Directions for this task.
Reproduce only what runs from the line containing "据分析,由于《乘用车燃料消耗" to the line containing "デザインナイフやアートナイフ" in the records below, inclusive. Keep it exact, and keep the pictures out.
*** Data extracts Section Begins ***
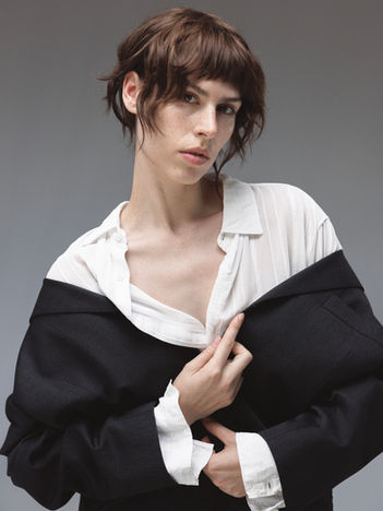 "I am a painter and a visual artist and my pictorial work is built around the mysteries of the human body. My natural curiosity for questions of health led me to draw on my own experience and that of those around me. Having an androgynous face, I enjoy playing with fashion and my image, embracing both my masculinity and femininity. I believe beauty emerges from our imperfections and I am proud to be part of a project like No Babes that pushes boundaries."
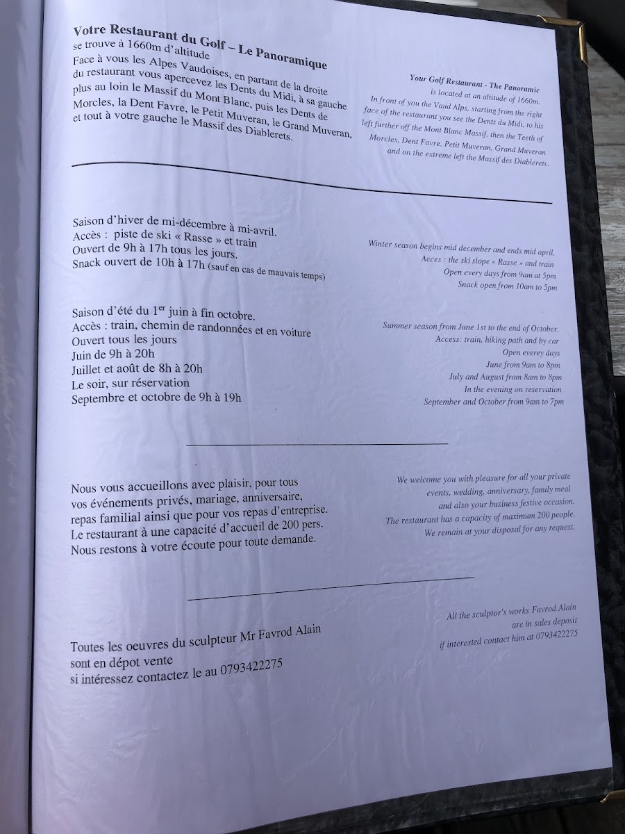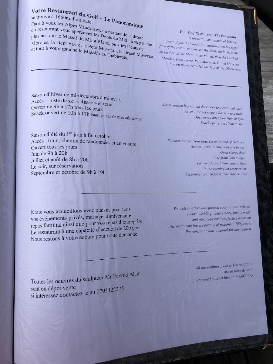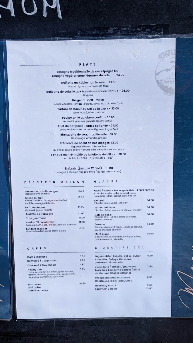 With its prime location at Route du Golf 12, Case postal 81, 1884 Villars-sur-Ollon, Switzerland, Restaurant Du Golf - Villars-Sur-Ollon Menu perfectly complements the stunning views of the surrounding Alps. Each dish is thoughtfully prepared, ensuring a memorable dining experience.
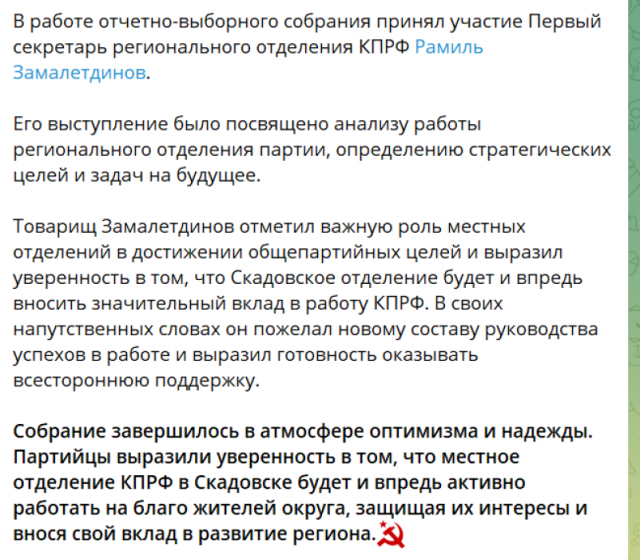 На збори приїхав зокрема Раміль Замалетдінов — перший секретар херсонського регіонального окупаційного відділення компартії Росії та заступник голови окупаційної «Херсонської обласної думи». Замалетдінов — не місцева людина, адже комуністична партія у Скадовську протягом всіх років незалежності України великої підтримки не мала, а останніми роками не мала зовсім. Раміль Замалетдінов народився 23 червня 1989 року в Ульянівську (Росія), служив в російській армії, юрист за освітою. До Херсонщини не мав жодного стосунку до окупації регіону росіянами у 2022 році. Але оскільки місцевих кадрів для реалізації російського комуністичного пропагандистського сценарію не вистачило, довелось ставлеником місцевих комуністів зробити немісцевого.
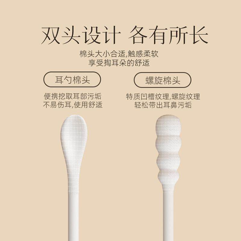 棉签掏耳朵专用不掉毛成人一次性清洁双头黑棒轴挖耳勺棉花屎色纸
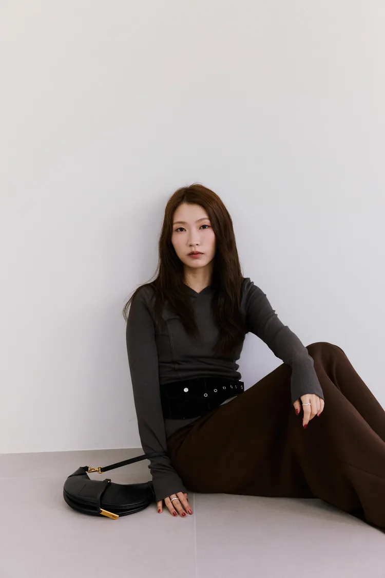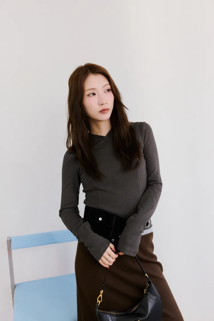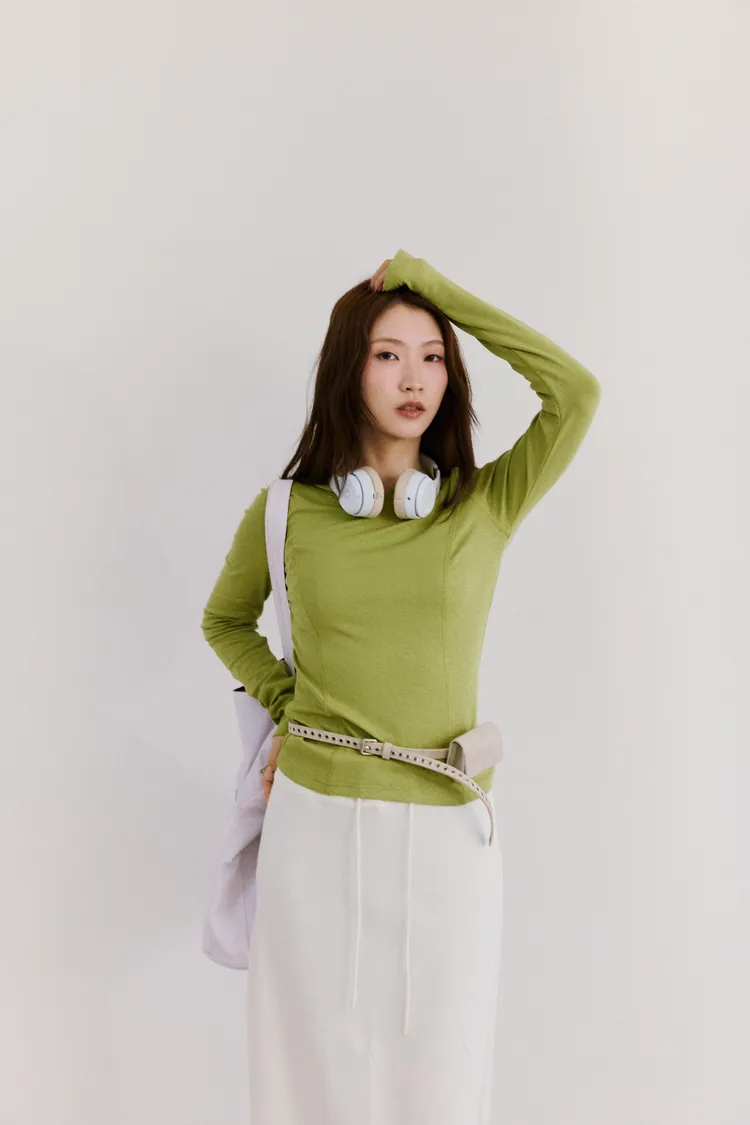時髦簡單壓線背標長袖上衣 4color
*** Data extracts Section Ends ***
*** Data extracts Section Begins ***
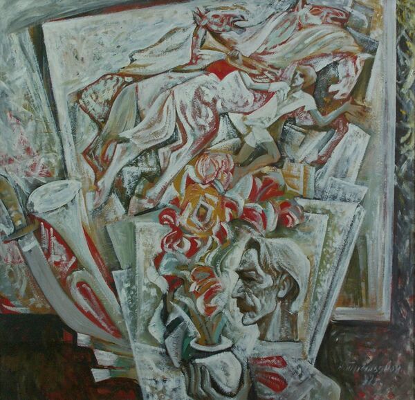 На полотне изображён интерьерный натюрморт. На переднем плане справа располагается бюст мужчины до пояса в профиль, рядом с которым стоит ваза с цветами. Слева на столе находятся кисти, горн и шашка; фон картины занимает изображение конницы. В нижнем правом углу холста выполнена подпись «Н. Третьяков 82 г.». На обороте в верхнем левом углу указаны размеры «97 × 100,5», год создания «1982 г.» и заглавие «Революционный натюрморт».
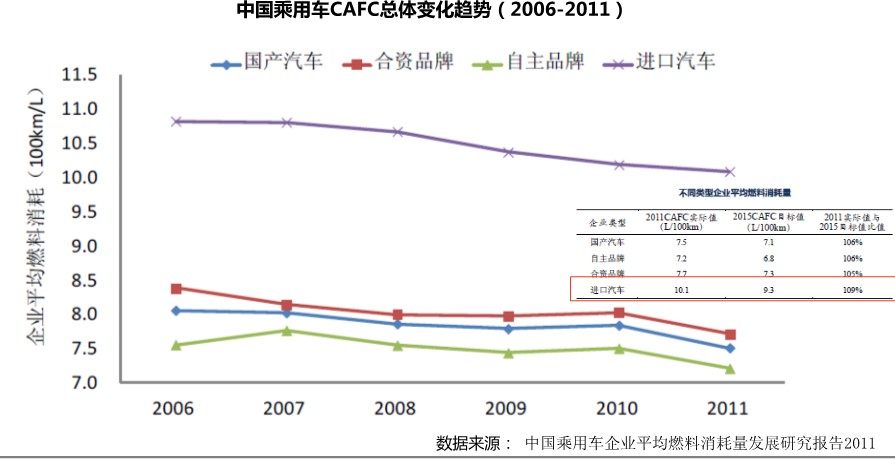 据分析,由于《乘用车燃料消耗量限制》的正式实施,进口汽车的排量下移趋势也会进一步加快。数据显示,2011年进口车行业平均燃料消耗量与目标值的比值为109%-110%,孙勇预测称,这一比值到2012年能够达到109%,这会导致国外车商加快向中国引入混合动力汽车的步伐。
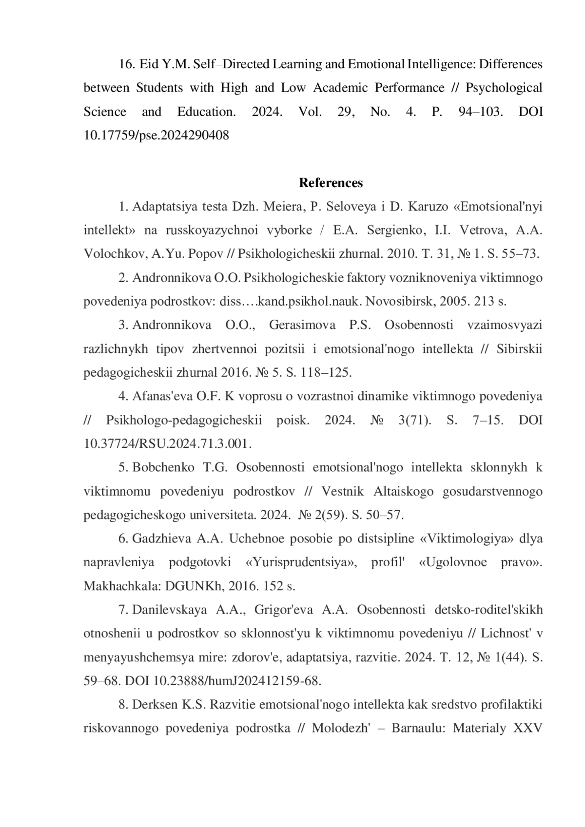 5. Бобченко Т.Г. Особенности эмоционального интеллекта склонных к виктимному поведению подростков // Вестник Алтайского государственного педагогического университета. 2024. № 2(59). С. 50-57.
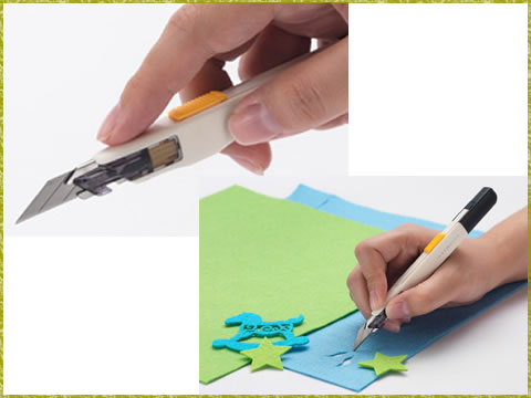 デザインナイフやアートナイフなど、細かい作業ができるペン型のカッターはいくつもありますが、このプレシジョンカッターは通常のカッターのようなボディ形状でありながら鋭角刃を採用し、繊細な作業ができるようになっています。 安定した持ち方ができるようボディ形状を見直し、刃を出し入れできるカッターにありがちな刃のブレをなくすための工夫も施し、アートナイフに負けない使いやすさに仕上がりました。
*** Data extracts Section Ends ***
Response to this exercise.
 据分析,由于《乘用车燃料消耗量限制》的正式实施,进口汽车的排量下移趋势也会进一步加快。数据显示,2011年进口车行业平均燃料消耗量与目标值的比值为109%-110%,孙勇预测称,这一比值到2012年能够达到109%,这会导致国外车商加快向中国引入混合动力汽车的步伐。
 5. Бобченко Т.Г. Особенности эмоционального интеллекта склонных к виктимному поведению подростков // Вестник Алтайского государственного педагогического университета. 2024. № 2(59). С. 50-57.
 デザインナイフやアートナイフなど、細かい作業ができるペン型のカッターはいくつもありますが、このプレシジョンカッターは通常のカッターのようなボディ形状でありながら鋭角刃を採用し、繊細な作業ができるようになっています。 安定した持ち方ができるようボディ形状を見直し、刃を出し入れできるカッターにありがちな刃のブレをなくすための工夫も施し、アートナイフに負けない使いやすさに仕上がりました。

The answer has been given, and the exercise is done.